The 'ground' and 'gravity' are in fact conspiring against us. We just surrender to it as we get older XD. Even Toy Story neglected to talk about it. Toy Story 4 anyone?

It seems there is a less correlation between type and the act of talking to oneself but maybe a difference between what one says and type?


----------



## Quernus (Dec 8, 2011)

Haha, I talk to myself all the time.

Usually it's some sort of sarcastic thing like, "Oh, that's just lovely." Or an expression of bewilderment and irritation such as, "ARE you kidding me?" or "What. The. Flying. F***." Though I'll also laugh a lot to myself, either because I remember something funny, or because I'll make some sort of amusing observation. My running inner-narrative is actually generally pretty humor-based (I secretly make fun of the absurdity of everything, all the time. It's a coping mechanism). 

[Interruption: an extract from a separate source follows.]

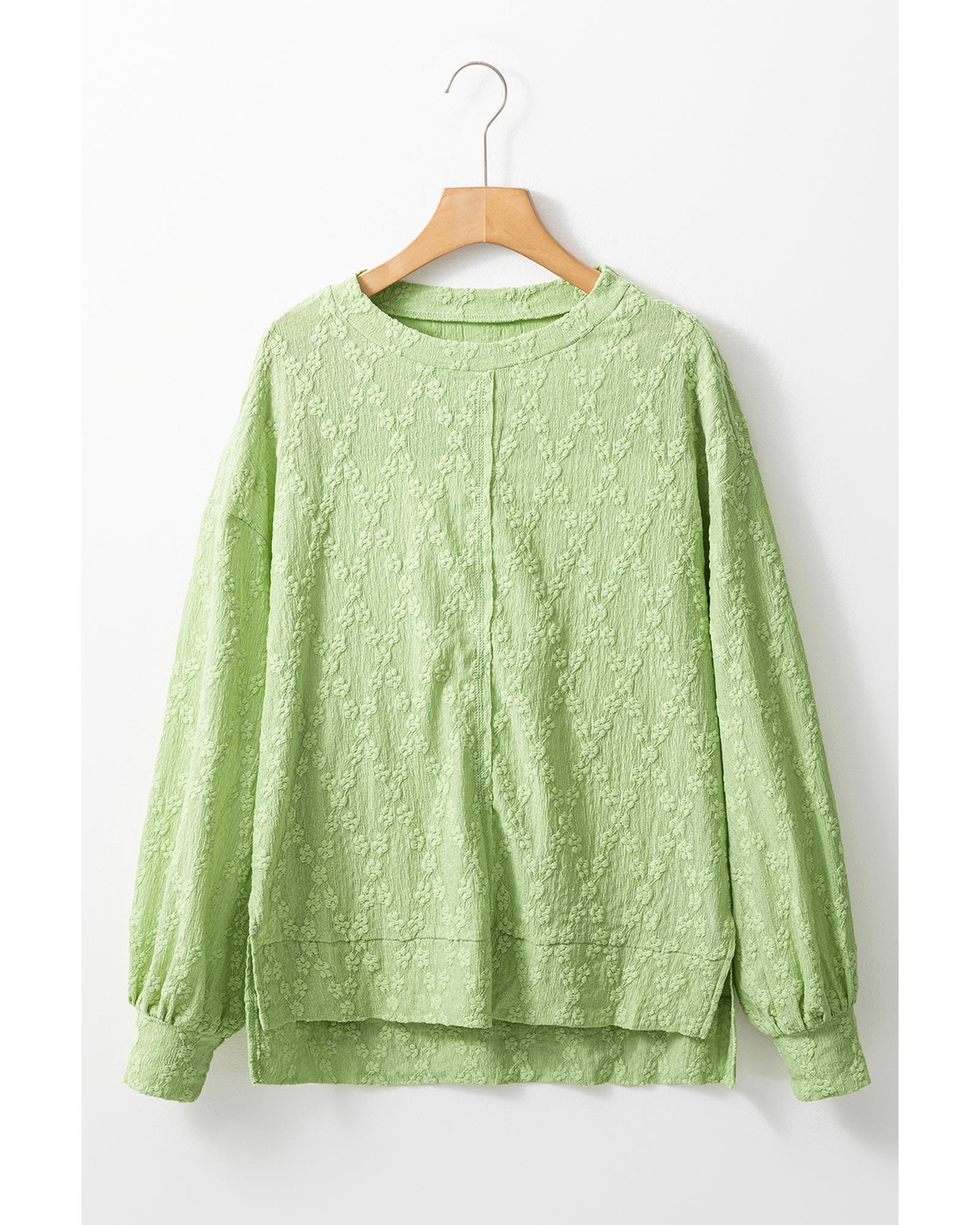 Light Green Solid Color Textured Side Split Crew Neck Blouse – S

I will also speak out during my daydreams, especially if the daydream involves conversations I'd like to have with another person... *sigh*. Just today, I was walking through the parking lot trying to find my car, but not being very successful because I was too caught up in this fantasy conversation. I said out loud, while wandering alone through this parking lot: "You know, talking to you upsets me. Let's not talk anymore." Lol. I actually plan to say that to this person... why not get practice in front of the nearest Sebring or Kia Spectra?


----------



## Revolutionist (Jun 29, 2013)

spectralsparrow said:


> Haha, I talk to myself all the time.
> 
> Usually it's some sort of sarcastic thing like, "Oh, that's just lovely." Or an expression of bewilderment and irritation such as, "ARE you kidding me?" or "What. The. Flying. F***." Though I'll also laugh a lot to myself, either because I remember something funny, or because I'll make some sort of amusing observation. My running inner-narrative is actually generally pretty humor-based (I secretly make fun of the absurdity of everything, all the time. It's a coping mechanism).
> 
> I will also speak out during my daydreams, especially if the daydream involves conversations I'd like to have with another person... *sigh*. Just today, I was walking through the parking lot trying to find my car, but not being very successful because I was too caught up in this fantasy conversation. I said out loud, while wandering alone through this parking lot: "You know, talking to you upsets me. Let's not talk anymore." Lol. I actually plan to say that to this person... why not get practice in front of the nearest Sebring or Kia Spectra?


I have a friend whom tested as a INFP. He frequently steaks of daydreams and exploring his imagination. I could picture him having very similar conversations with himself XP......erk Speaks* That Steak is still on my mind.


----------



## Ellis Bell (Mar 16, 2012)

Revolutionist said:


> hm, So far it's seeming talking to oneself is universal. I more mumble to myself than actually talk.


Yeah, I guess it has more to do with why you talk out loud so much as actually doing it. For me it's a matter of gaining clarity about a situation, or working out a problem. It's a pattern of human behavior that seems like it doesn't have anything to do with type.


----------



## Health Coach (Dec 14, 2012)

Being both an E and a P, I'm not surprised. Es like to talk it out to get a better understanding of a situation. Even if no one is around, it's just the talking that is necessary. And being a P, you actually enjoy the process. Think about the poor I's who bottle it up. An interesting study would be to see if Es or Is experience more stress.


----------



## Sily (Oct 24, 2008)

I am sooooo tempted to say *never* for me -- it is that rare. Husband? _Does it all the time_ and it drives me crazy! He was in the laundry room the other day carrying on a whole conversation for 2 minutes. :frustrating: WHHHHHHHYYYY??? I *think* he's an ISFJ.


----------